I had an entirely different gratitude post planned for today. Half-written, I got up early this morning to finish it. But for some reason, the words wouldn't flow. My gratitude seemed disjointed and I was left with the thought of Who would care about that?
Then, at 6:42am, in the midst of the breakfast scramble, I received the call to let me know my Nanna had passed away peacefully in her sleep in the early hours of this morning.
Almost two years ago, my Nanna was given only 3-6 months to live. For someone who had been a picture of health her entire life, the news was a shock to us all. And so we prepared ourselves for the inevitable. We made many trips to visit her, not knowing when her last moment would be. We inwardly grieved and prayed that she would not have to endure a slow, painful death.
And as each month passed, we waited for the call.

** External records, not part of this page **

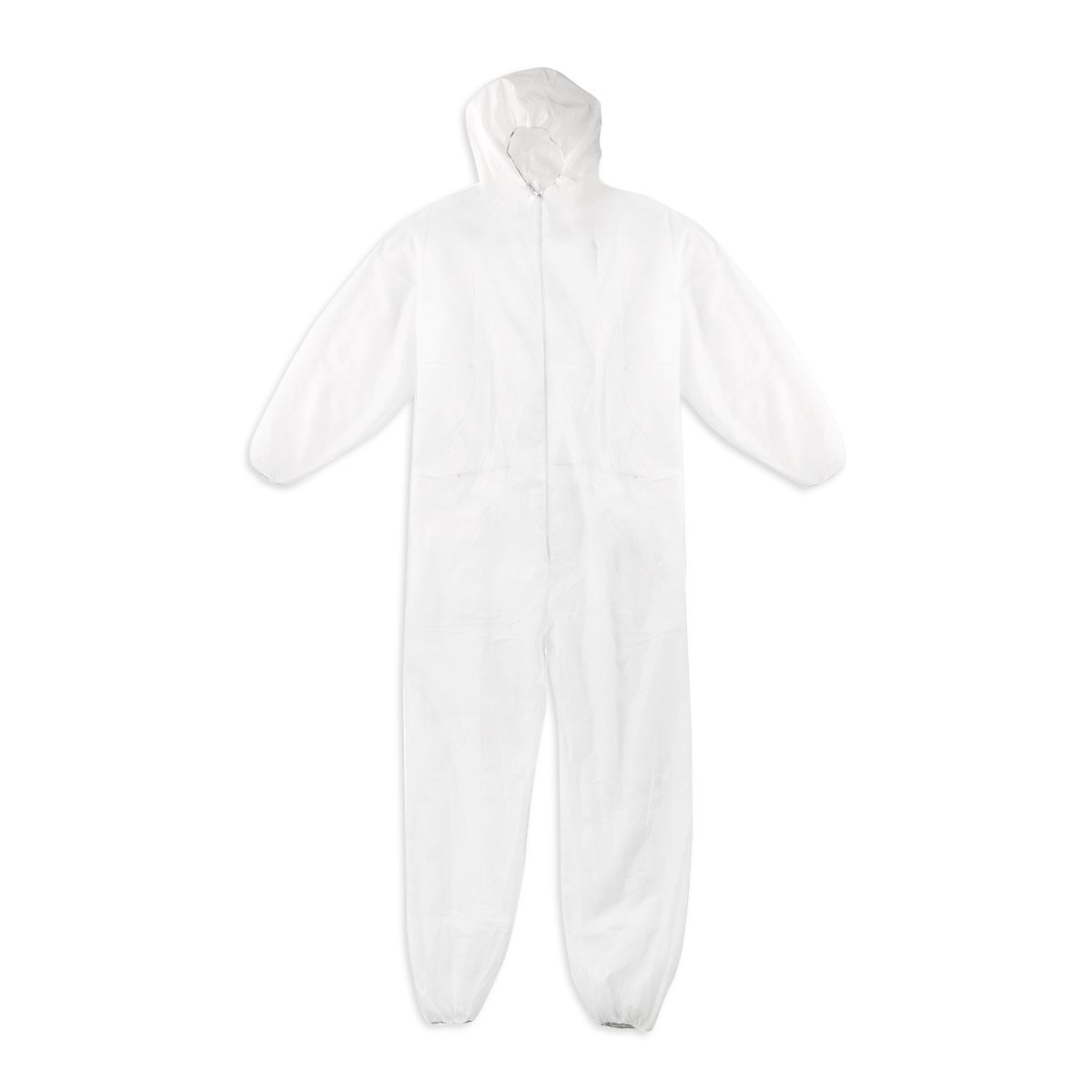 In polipropilene 40 gr/m2, completa di cappuccio con elastico, cerniera lampo nella parte
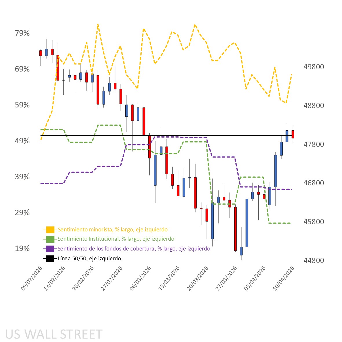 Según el último informe COT, los grandes especuladores se encuentran en posición neta vendedora, la cual aumentó considerablemente del 62% al 74%, rozando territorio de cortos extremos, como resultado de una reducción en las posiciones largas (1.815 lotes) y un incremento simultáneo en las posiciones cortas (3.653 lotes).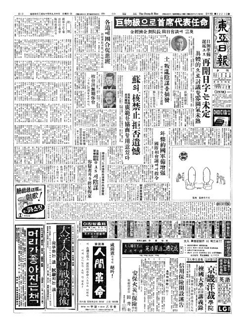 - 人類(인류)에부디친 마지막『챤스』 네루、核禁止力說(핵금지력설)

But she fought. She has always been a strong woman - humble, but a fighter. Her quiet inner strength is something that I can only hope for a portion of.
And so when the call came this morning, I felt a flood of sadness mixed with relief and gratitude wash over me.
I am sad, yes. But I am also reflecting on the life of this beautiful person I was so blessed to call my grandmother....
I am grateful for the extra time afforded us. The moments sitting in her granny-flat - talking, laughing, watching football, being quiet together.
I am grateful for the wisdom she imparted to me over the years.
I am grateful for her kindness and compassion.
I am grateful for her quiet strength and her ability to see the good in everyone.
I am grateful for the strong bond we had..
I am grateful that she was able to meet all of her great-grandchildren who absolutely adored her and she them.
I am grateful that in all of the hardships throughout her life - the death of two husbands and her children - she never, ever gave up.
I am grateful that in her final days, she was not in any pain.
This woman. This most beautiful, amazing woman was a fighter, right up until her last breath. And I am so grateful that I had the privilege of calling her my grandmother.